Unbekannte Täter schlagen im Stadtteil Nieder-Roden zu. Das Bankfoyer ist komplett verwüstet. Im Kreis Offenbach ist dies bereits der dritte Fall in diesem Jahr.

Reiner Zufall oder eine gezielte Provokation der Polizei? Am gleichen Tag, an dem das Bundeskriminalamt (BKA) in Wiesbaden einen Bundeslagebericht „Angriffe auf Geldautomaten im Jahr 2016“ herausgegeben hat, ist im Rodgauer Stadtteil Nieder-Roden ein Geldautomat gesprengt worden. Die Druckwelle war so stark, dass das Foyer der Bank einsturzgefährdet ist.

Ein Bild der Verwüstung bietet sich im Innenraum des kleinen Gebäudes an der Frankfurter Straße im Stadtteil Nieder-Roden: zerborstene Scheiben, zerfetzte Trennwände, Kabelstränge, die von der Decke hängen, überall Teile des gesprengten Geldautomaten, ein beschädigter Kontoauszugsdrucker. Auch außen ist die Wucht der Detonation erkennbar: Das Mauerwerk der Deutsche-Bank-Filiale weist tiefe Längs- und Querrisse auf. „Mehrere 100 000 Euro Schaden“ schätzt Michael Malkmus, Pressesprecher des Polizeipräsidiums Südosthessen.

Hinweise auf die Täter gibt es noch nicht

Hinweise auf die Täter, die am Donnerstag gegen 3.40 Uhr den Geldautomaten in die Luft gesprengt haben, gibt es derzeit noch nicht – obwohl mehrere Anwohner den lauten Knall gehört haben. Einer von ihnen habe die Polizei benachrichtigt, erklärt Malkmus. Die Polizei erbittet noch Hinweise – insbesondere auf das Fluchtfahrzeug – unter 069 / 8098-1234.
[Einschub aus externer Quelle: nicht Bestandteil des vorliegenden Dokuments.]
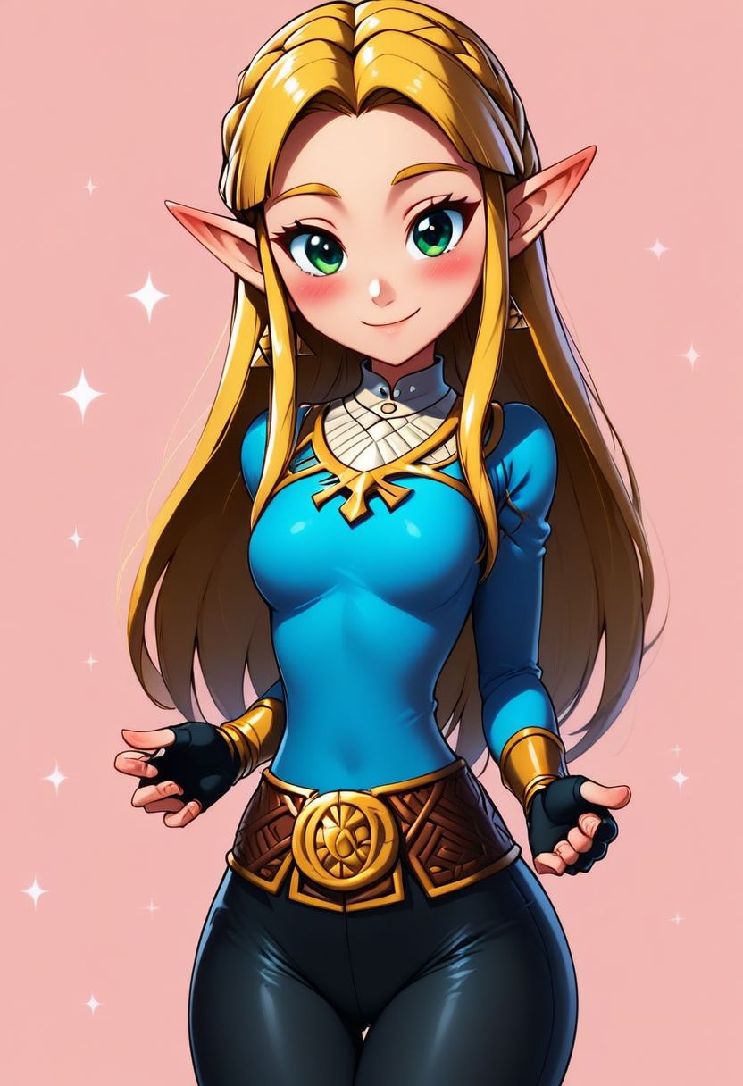 medium breasts, cute, eyelashes , princess zelda, long hair, pointy ears, blue shirt, long sleeves, fingerless gloves, black gloves, black pants, tight pants, green eyes, solo, looking at viewer, smile, blush,,
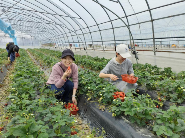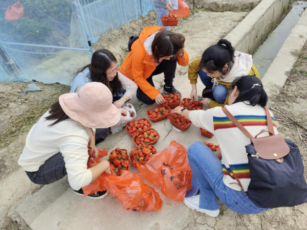 動(dòng)結(jié)合郵政惠農(nóng)活動(dòng),特意選在南陵縣黃墓村黨組織領(lǐng)辦合作社的草莓大棚舉行。3月8日下午1點(diǎn),郵政巾幗們準(zhǔn)時(shí)出發(fā),踏上快樂采摘之旅。一踏入草莓大棚,清新的草莓果香撲鼻而來,一派清新的田園氣息,放眼望去,鮮紅欲滴的草莓果實(shí)在一壟壟碧綠的草莓秧中若隱若現(xiàn),紅綠交映,一片生機(jī)勃勃。大家手提小果籃,沿著整齊的草莓田,化身快樂的小果農(nóng),一邊采摘品嘗,一邊相互交流,氣氛輕松活潑,體驗(yàn)著采摘草莓、品嘗鮮果的樂趣,現(xiàn)場(chǎng)快樂與熱情四溢。經(jīng)過一個(gè)多小時(shí)的采摘后,大家都有了豐碩的成果,每個(gè)人的臉上充滿著幸福的笑容和活力。
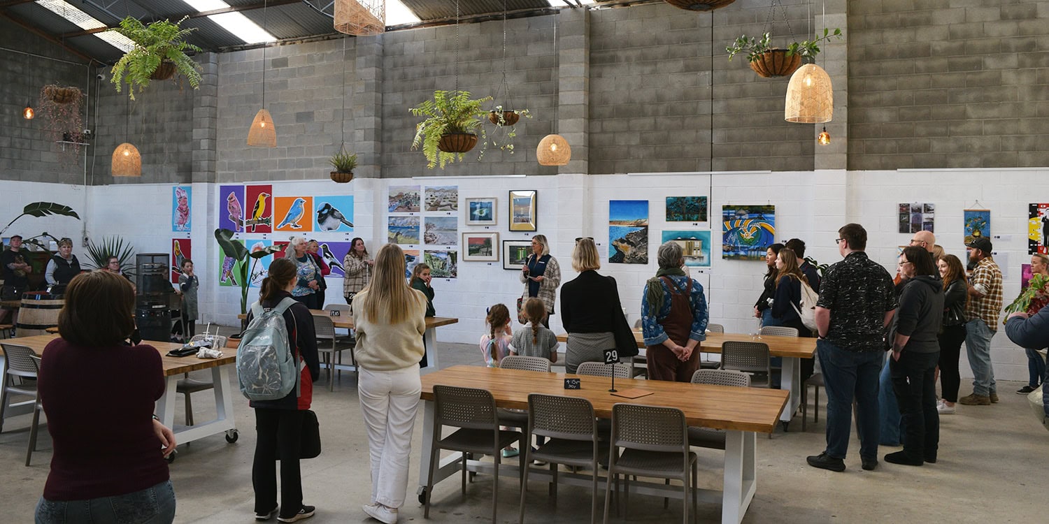 Our 2024 SALA exhibition – “Juvenescence” (the state of being youthful or of growing young) – was officially opened at Jump Ship Brewing last night before a large crowd.
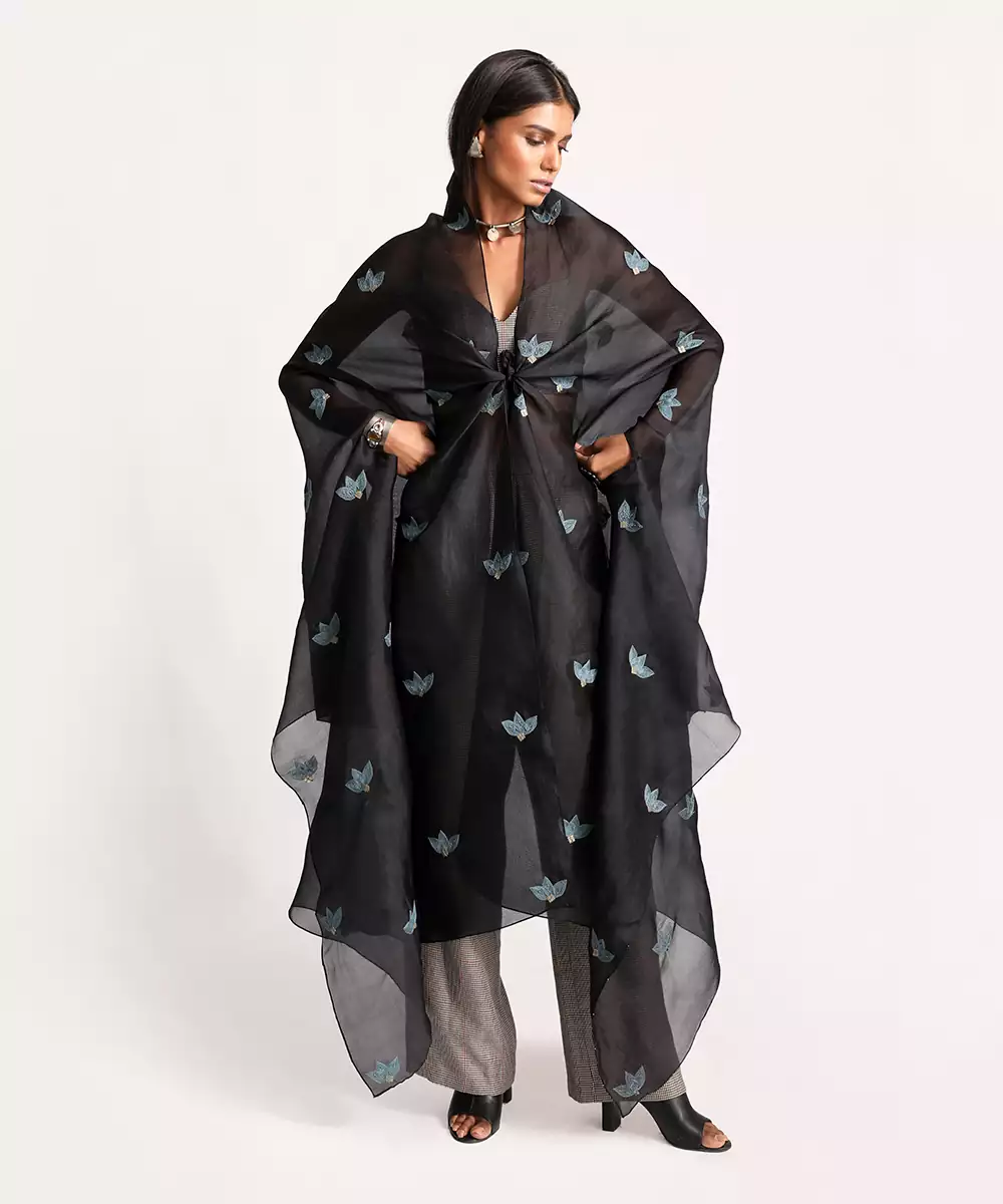 The Front Knot Organza Silk Sheer Cape With Hand Embroidered Lotus Motifs Is Paired With A Bustier And Formal Trousers In Houndstooth Checks For A Complete Fusion Look.

Die Täter gelangten durch die Sprengung an Bargeld, sagt Malkmus. Wie viel, sei allerdings noch nicht bekannt. Am Tatort stieß die Polizei auf zwei zurückgelassene Gasflaschen. Das Vorgehen ist immer das gleiche: Die Diebe leiten Gas oder Gasgemisch in die Ritzen des Geldautomaten ein und entzünden es. Die Sprengung in Rodgau ist seit Jahresbeginn schon die dritte im Kreis Offenbach. Auch in Obertshausen und Dreieich hatten Kriminelle versucht, so an Geld zu kommen. Im Vorjahr wurden Automaten in Hainburg sowie an der Bahnhofstraße in Offenbach angegriffen.
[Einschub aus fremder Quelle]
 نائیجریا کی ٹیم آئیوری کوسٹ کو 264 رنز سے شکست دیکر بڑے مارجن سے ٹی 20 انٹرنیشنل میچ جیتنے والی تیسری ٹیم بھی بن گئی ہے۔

Hessenweit verzeichnete die Polizei im Vorjahr 20 gesprengte Geldautomaten, die meisten davon im Rhein-Main-Gebiet und in Mittelhessen. „Die Tendenz ist steigend“, sagte Jörg Reinemer, Sprecher des Polizeipräsidiums Mittelhessen in Gießen. Dort wird der Rodgauer Fall nach der Erstaufnahme durch die Kripobeamten des Polizeipräsidiums Südosthessen zentral bearbeitet. Anfang 2017 war die Zuständigkeit dorthin gewechselt; eine eigene Ermittlungsgruppe versucht, die Täter, die „meist bandenmäßig vorgehen“, wie Reinemer sagt, dingfest zu machen. Festnahmen habe es noch nicht gegeben. Bundesweit zählte das BKA laut gestern veröffentlichtem Lagebericht im Vorjahr 318 Automatensprengungen – davon 136 in Nordrhein-Westfalen. „Unsere Sorge ist, dass irgendwann Menschen betroffen sein werden“, sagt Sabine Vogt vom BKA.